- What you should do: Copy the data that follows exactly as it is, excluding all pictures.

- Provided records:
........

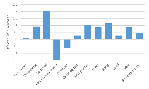 Den positive korrelation i undersøgelsen her mellem levestederne og områder med høj bioscore tyder på, at levestederne er vigtige for de truede arter. Vi ved også fra arbejdet med at beskrive levesteder for rødlistede arter, at de 12 undersøgte levesteder dækker en stor del af de levesteder, som er særligt vigtige for arter, som har det svært i Danmark i dag.
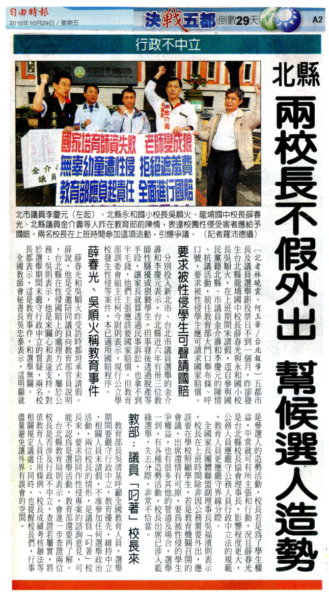 84年公教分途之後,全校具有公務人員身分的除了職員之外,就只有校長,所以校長必須受到行政中立法的約束,雖說臺北縣教育局講得也很義正嚴詞--若有涉及行政不中立,並查證屬實,將依相關規定議處。但是我們相信,教育局一定重重拿起,輕輕放下,甚至不會放下。教育局當務之急只在搶救「被叼走的校長」。
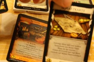 ================================ ■バザー...価格5 +カード1枚 +2回アクション +1仮想コイン ================================ この内容、ドミニオンにあった「村」とそっくりだ。 使い勝手が良さそうなのだが、いかんせん値段が高いなぁ。 次のターン、面白そうなので例の「海賊船」を買ってみる。
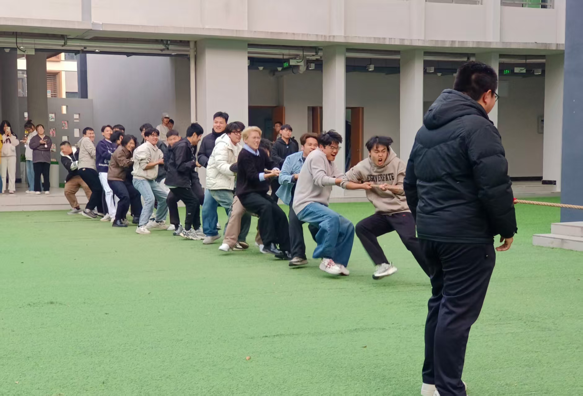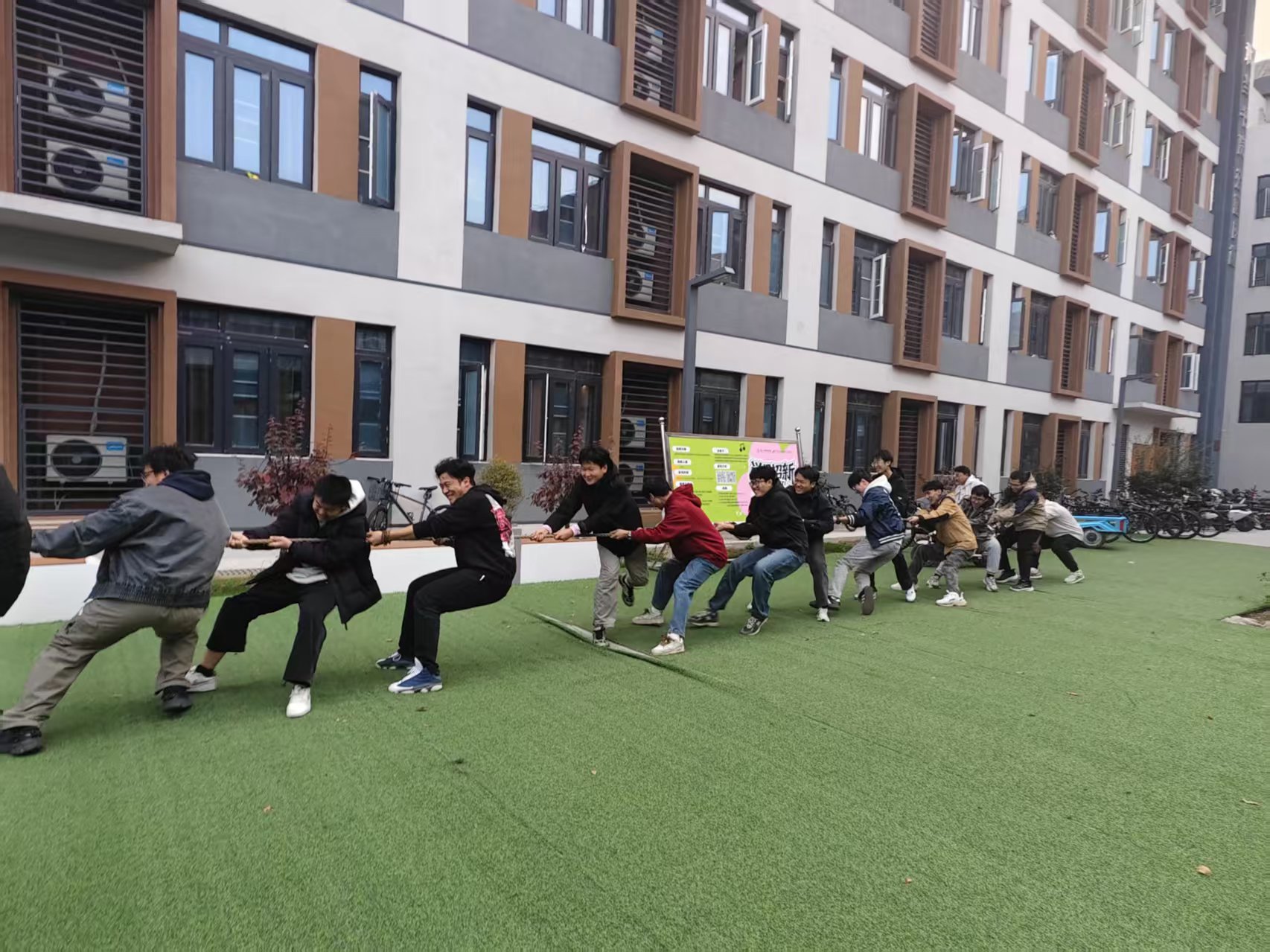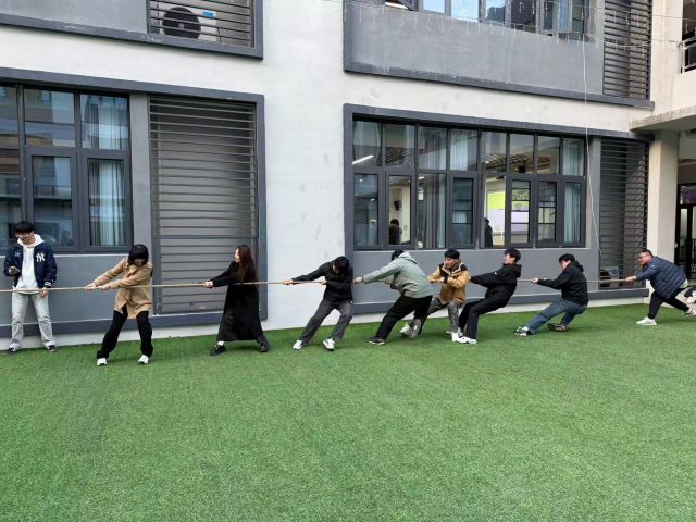 11月14日下午,大数据学院计算机科学与技术(专升本)25-3班团支部在敢当书院庭院举办“凝心聚力,绳采飞扬”拔河主题活动,全体同学踊跃参与,以文体活动践行完满教育理念,凝聚班级力量。新学期刚组建的班级,同学间交流多局限于课堂。活动于15:30正式启动,主持人介绍规则与安全事项后,各队伍赛前围圈讨论战术、分工协作,生疏感快速消解。裁判哨响,队员们弓步屈膝、紧握长绳,额角冒汗仍坚持不懈;绳中央标记来回拉扯,场边“助威团”喊着整齐号子,氛围热烈。有队员手心磨红仍坚持参赛,落后队伍互相鼓劲追赶,赛场满是协作默契与拼搏热情。活动尾声,同学们齐聚合影,纷纷表示通过拔河拉近了彼此距离,深刻体会到同心协力的班级力量。此次活动不仅让大家锻炼身体、释放压力,更增强了班级凝聚力,为班级建设奠定温暖基础。未来,支部将持续推出 “轻量级、高参与”活动,让班级成为同学们的温暖港湾。
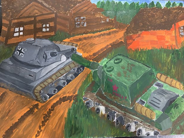 Голосование за лучшие детские рисунки на тему 80-летия Великой Победы 34 Предыдущий Следующий Юрий Викторович Сукоркин, 12 лет Танковый бой. Загрузить комментарии

........

- Reply to the task:
 Den positive korrelation i undersøgelsen her mellem levestederne og områder med høj bioscore tyder på, at levestederne er vigtige for de truede arter. Vi ved også fra arbejdet med at beskrive levesteder for rødlistede arter, at de 12 undersøgte levesteder dækker en stor del af de levesteder, som er særligt vigtige for arter, som har det svært i Danmark i dag.
 84年公教分途之後,全校具有公務人員身分的除了職員之外,就只有校長,所以校長必須受到行政中立法的約束,雖說臺北縣教育局講得也很義正嚴詞--若有涉及行政不中立,並查證屬實,將依相關規定議處。但是我們相信,教育局一定重重拿起,輕輕放下,甚至不會放下。教育局當務之急只在搶救「被叼走的校長」。
 ================================ ■バザー...価格5 +カード1枚 +2回アクション +1仮想コイン ================================ この内容、ドミニオンにあった「村」とそっくりだ。 使い勝手が良さそうなのだが、いかんせん値段が高いなぁ。 次のターン、面白そうなので例の「海賊船」を買ってみる。
 11月14日下午,大数据学院计算机科学与技术(专升本)25-3班团支部在敢当书院庭院举办“凝心聚力,绳采飞扬”拔河主题活动,全体同学踊跃参与,以文体活动践行完满教育理念,凝聚班级力量。新学期刚组建的班级,同学间交流多局限于课堂。活动于15:30正式启动,主持人介绍规则与安全事项后,各队伍赛前围圈讨论战术、分工协作,生疏感快速消解。裁判哨响,队员们弓步屈膝、紧握长绳,额角冒汗仍坚持不懈;绳中央标记来回拉扯,场边“助威团”喊着整齐号子,氛围热烈。有队员手心磨红仍坚持参赛,落后队伍互相鼓劲追赶,赛场满是协作默契与拼搏热情。活动尾声,同学们齐聚合影,纷纷表示通过拔河拉近了彼此距离,深刻体会到同心协力的班级力量。此次活动不仅让大家锻炼身体、释放压力,更增强了班级凝聚力,为班级建设奠定温暖基础。未来,支部将持续推出 “轻量级、高参与”活动,让班级成为同学们的温暖港湾。
 Голосование за лучшие детские рисунки на тему 80-летия Великой Победы 34 Предыдущий Следующий Юрий Викторович Сукоркин, 12 лет Танковый бой. Загрузить комментарии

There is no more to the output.